What's happening is the machine is starting off the fuel in the injection pump, but it's sucking air out of the fuel filter. You will then have to crank the heck out of it until the fuel filter and injection pump are filled with fuel again; then it will restart and run fine untill the machine sits and the fuel leaks back again.

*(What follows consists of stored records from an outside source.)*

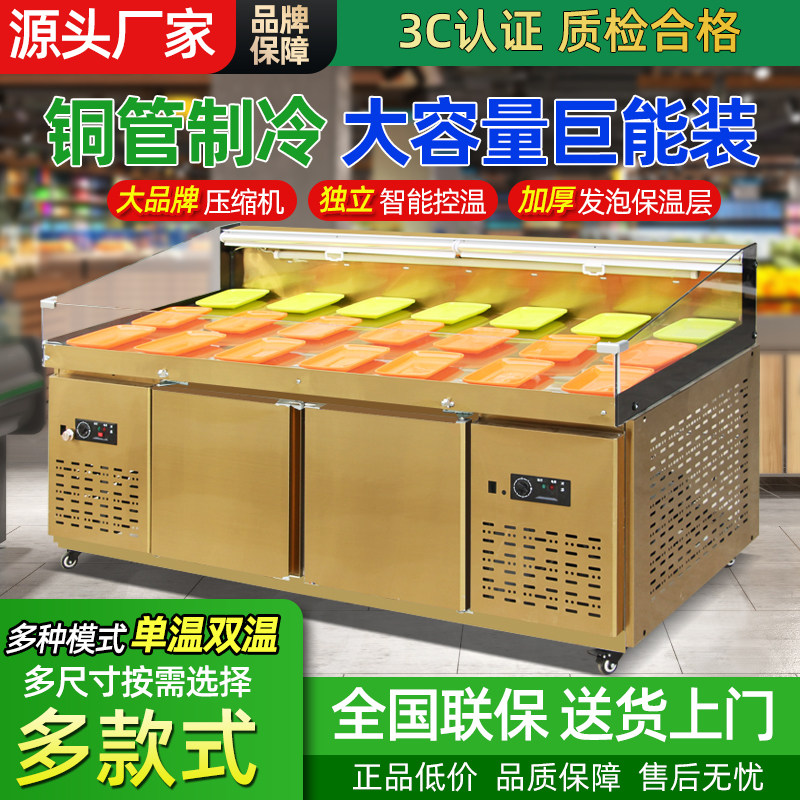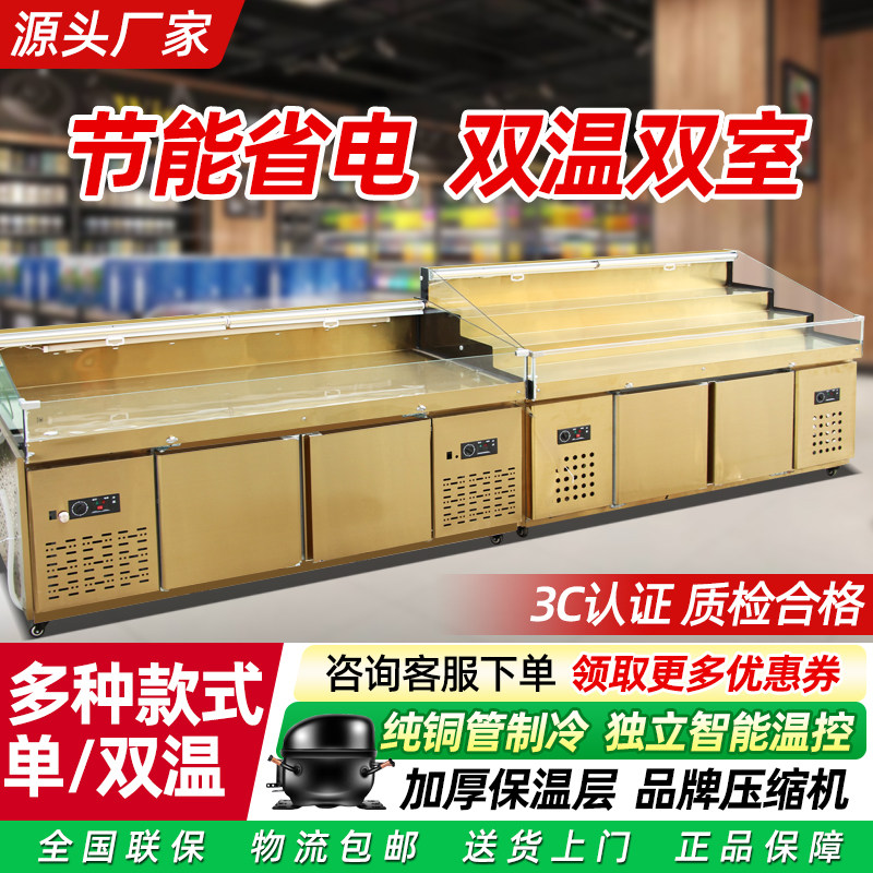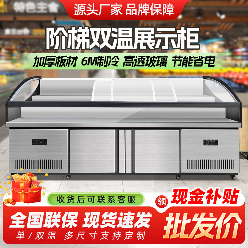 📚 三阶梯式冷藏冷冻展示柜海鲜保鲜冰台钛金鲜切牛肉明档阶梯点菜柜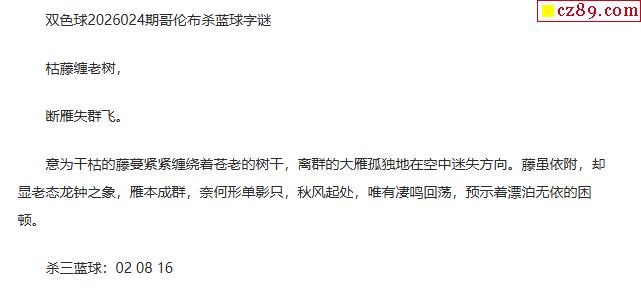 26年福彩双色球024期 哥伦布一句杀蓝球字谜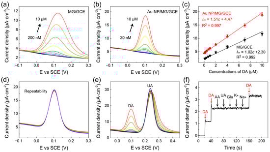 (a,b) DPV curves of MG/GCE and Au NP/MG/GCE electrodes with various concentrations of DA, respectively. (c) The corresponding peak current versus DA concentration. (d–f) The repeatability and good anti-interference of Au NP/MG/GCE electrodes.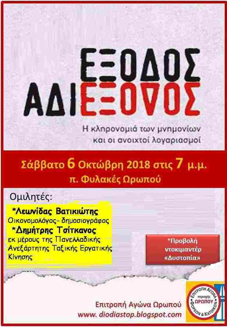 η ΕΠΙΤΡΟΠΗ ΑΓΩΝΑ ΩΡΩΠΟΥ η ΑΝΤΙΦΑΣΙΣΤΙΚΗ ΠΡΩΤΟΒΟΥΛΙΑ & η ΑΝΟΙΧΤΗ ΛΑΪΚΗ ΣΥΝΕΛΕΥΣΗ του ΔΗΜΟΥ ΔΙΟΝΥΣΟΥ δημιούργησαν μια ταινία μικρού μήκους με θέμα τη ΔΥΣΤΟΠΙΑ που ζούμε σήμερα στα χρόνια του σύγχρονου καπιταλισμού.

Check this the manufacturer to see if there is a check valve in the fuel delivery system designed to prevent leak-back. If there is one you should check it for proper operation. Also check the gasket in your fuel filter and replace it if it is not in good shape. Air can leak in without leaving a trace of fuel at the leak site.

Just a few thoughts.


----------



## fhafer (Jan 31, 2014)

I need to add...do the fuel filter check after it has been sitting for a day or two and before you try cranking it. Also note the fuel level in the tank when it does and does not happen. Good luck.


----------



## ServiceOnSite (Nov 23, 2006)

I would say the same as above with air getting into your fuel supply lines. I had that happen to me on my New Holland. It was a night mare finding it. It was a hair line crack in the plastic fuel return line.


----------



## SHAWZER (Feb 29, 2012)

I know you said the lift pump was replaced , my 5.9 cummins done the same thing . Put on a inline electric fuel pump bypassing the lift pump and everything is good now. Thumbs Up


----------



## leolkfrm (Mar 11, 2010)

what brand of filters are you using, seems the napa are a little finer, switched to Baldwin and knock on wood...it seems better....has the problem been with the below 0 temps?


----------



## fhafer (Jan 31, 2014)

An electric fuel pump is a great way to eliminate air intrusion problems and it makes it easier to find the leak site. Install the electric pump as far back in the fuel system as possible...close to the fuel tank is best. Power it off of a keyed-hot circuit. Make sure you by-pass the mechanical lift pump...you can develop a leak in the diaphragm lift pump and fill your crankcase with diesel. Use a filter on the suction side of the pump. Most modern diesels are going to this type of fuel delivery system now. I carry a spare pump in my kit bag.


----------



## SHAWZER (Feb 29, 2012)

Another thread we never here the outcome ?


----------



## fhafer (Jan 31, 2014)

He's had two Nor'Easters in the last 48 hours...I suspect he's pushing snow.


----------



## Whiffyspark (Dec 23, 2009)

Air usually works out once it's running. At least on trucks it does


----------



## SHAWZER (Feb 29, 2012)

My mistake , did not look at where he is from.


----------



## RLM (Jan 12, 2006)

SHAWZER;1760522 said:


> Another thread we never here the outcome ?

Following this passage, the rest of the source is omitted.